5. Manning v. Seeley Tube & Box Co., 338 U.S. 561, 70 S.Ct. 386, 94 L.Ed. 346, and Standard Roofing & Material Co. v. United States, 10 Cir., 199 F.2d 607, were cases in which the taxpayer attempted to change the basis of the tax. In the case at bar, nothing similar exists: no question here arises as to the amount of taxpayer’s income, the only question being the proportion of taxpayer’s income allocable to excess profits tax and income, respectively.3
6. In Superheater Co. v. Commissioner, 2 Cir., 125 F.2d 514, 516, cited by my colleagues, the decision turned on peculiar provisions of the Code under which the Board of Tax Appeals lacked jurisdiction to re-determine excess profits tax of a taxpayer on a review of the Commissioner’s determination of a deficiency in income tax. In the instant case, we face no such problem; for this is a suit, brought under 28 U.S.C. § 1346(a) (1) (ii), in the district court which has no such restrictions on its jurisdiction. Our opinion in that case concluded with the statement that “it seems clear that until the jurisdiction of the Board is further enlarged whatever procedural convenience might be attained by having a formal redetermination of the excess profits taxes in this particular instance must give way to the greater necessity for recognizing and giving effect to the limited statutory jurisdiction of the Board.” Note, too, how in Commissioner of Internal Revenue v. Gooch Milling & Elevator Co., 320 U.S. 418, at page 421, 64 S.Ct. 184, at page 186, 88 L.Ed. 139 (as pointed out above) the Court, holding that the Board lacked jurisdiction, distinguished Bull v. United States, supra, and Stone v. White, supra, on the ground that they related to suits not before the Board but to suits “for refund of taxes in tribunals possessing general equity jurisdiction.”
In Rosenthal v. Commissioner, 2 Cir., 205 F.2d 505, 512, the decision (so far as here pertinent) turned on the failure of the Commissioner to file a cross-appeal. Moreover, the court referred to “the settled rule that each taxable year is to be treated as a separate unit for, assessment and decisional purposes”, and that rule is irrelevant here.
7. For the foregoing reasons, I think that the income tax and the excess profits tax are not, in a case like this, to be considered wholly distinct from one another. If I am correct in this respect, then, the Code points the way to justice here.

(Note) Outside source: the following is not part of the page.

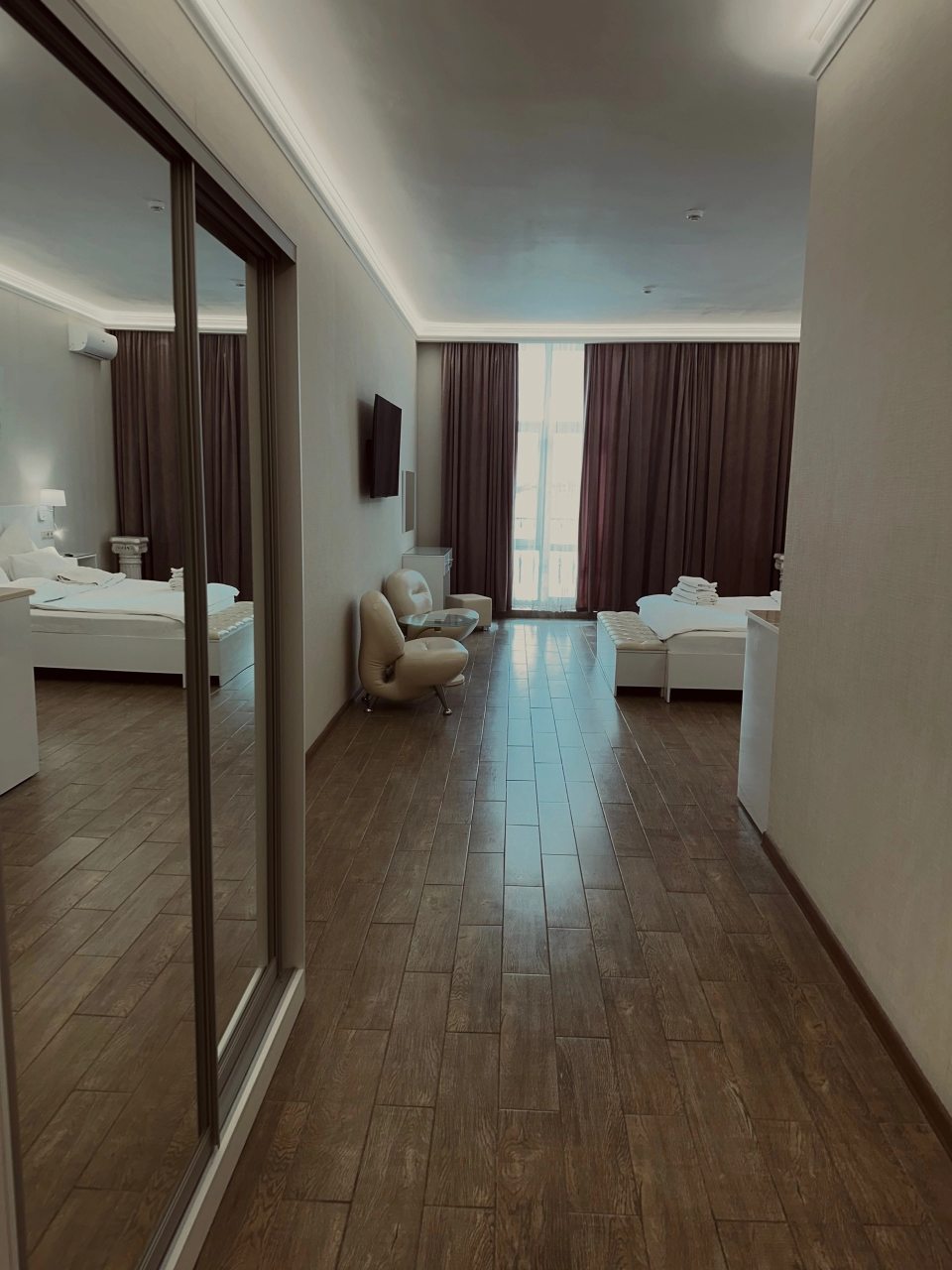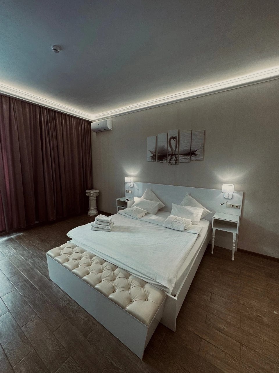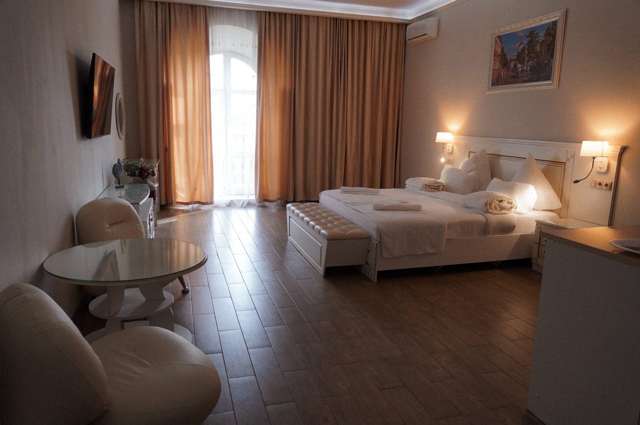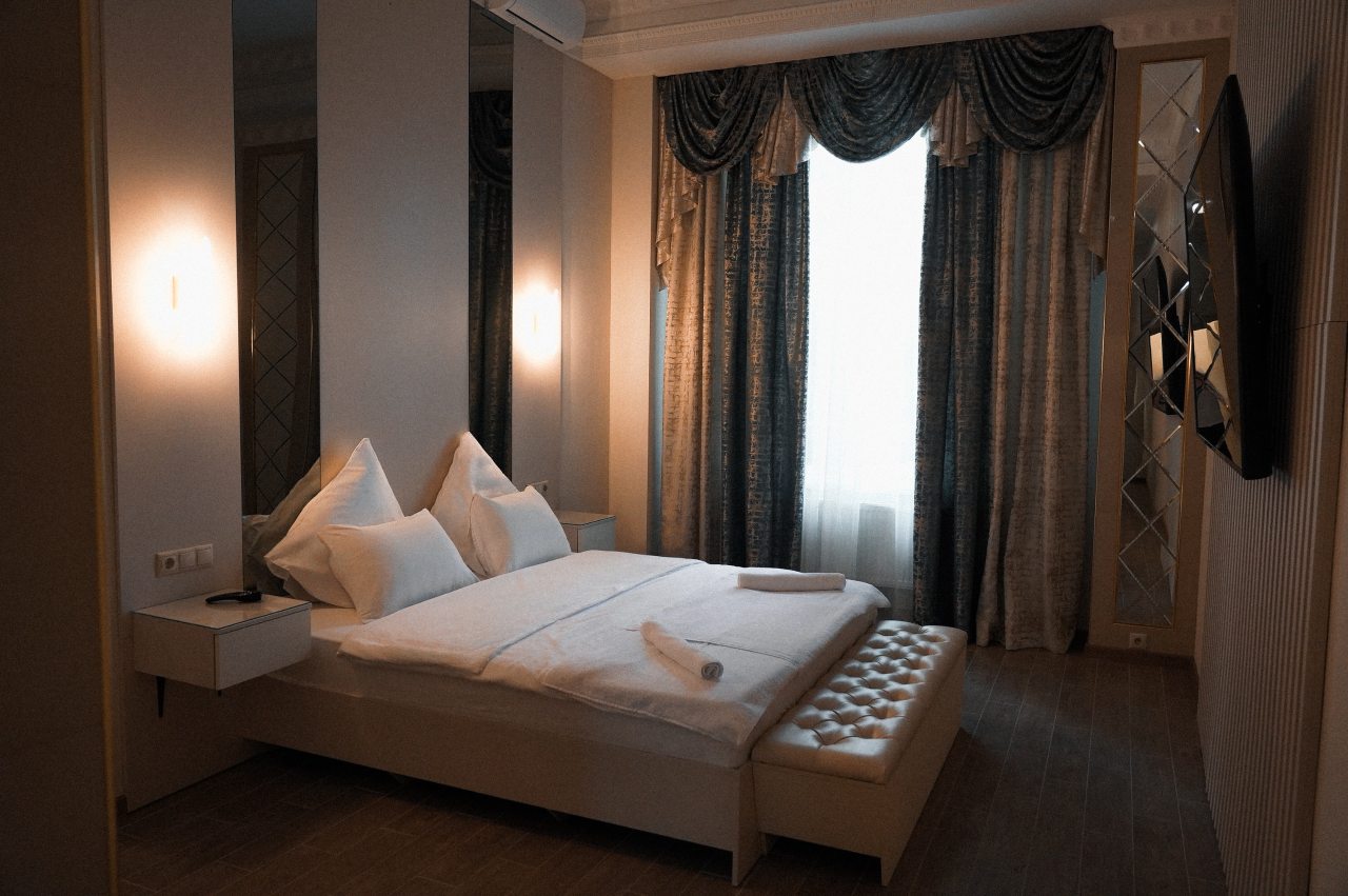 Первый раз взяли номер люкс , очень просторный , большой балкон , вид во двор . Шикарная люстра, красивые шторы, все аккуратно , чисто . Всегда уборку делает один мужчина. Бывает шумно , когда какие-то работы , но в целом нормально. Часто останавливаемся здесь !!! Спасибо !

Section 321 provides: “If the taxpayer has paid as an installment of the tax more than the amount determined to be the correct amount of such installment, the overpayment shall be credited against the unpaid installments, if any. If the amount already paid, whether or not on the basis of installments, exceeds the amount determined to be the correct amount of the tax, the overpay-ments shall be credited or refunded as provided in section 322.” Section 322 (a) (1) provides: “Where there has been an overpayment of any tax imposed by this chapter, the amount of such overpayment shall be credited against any income, war-profits, or excess-profits tax or installment thereof then due from the taxpayer, and any balance shall be refunded immediately to the taxpayer.” And § 729(a) makes applicable to the *654excess profits tax all provisions applicable to the income tax which are not inconsistent with the specific provisions of the Chapter in respect of the excess profits tax.
. Emphasis added.
. Stone v. White, 301 U.S. 532, 535, 57 S.Ct. 851, 852, 81 L.Ed. 1265.
. In the Seeley Tube & Box Company case, supra, the Court expressly left open the interest question where a claimed abatement for deficiency had been assert-. ed before the deficiency was assessed, and this, too, in a loss-carry-back case where the arguments for exacting interest are far stronger than in the case at bar.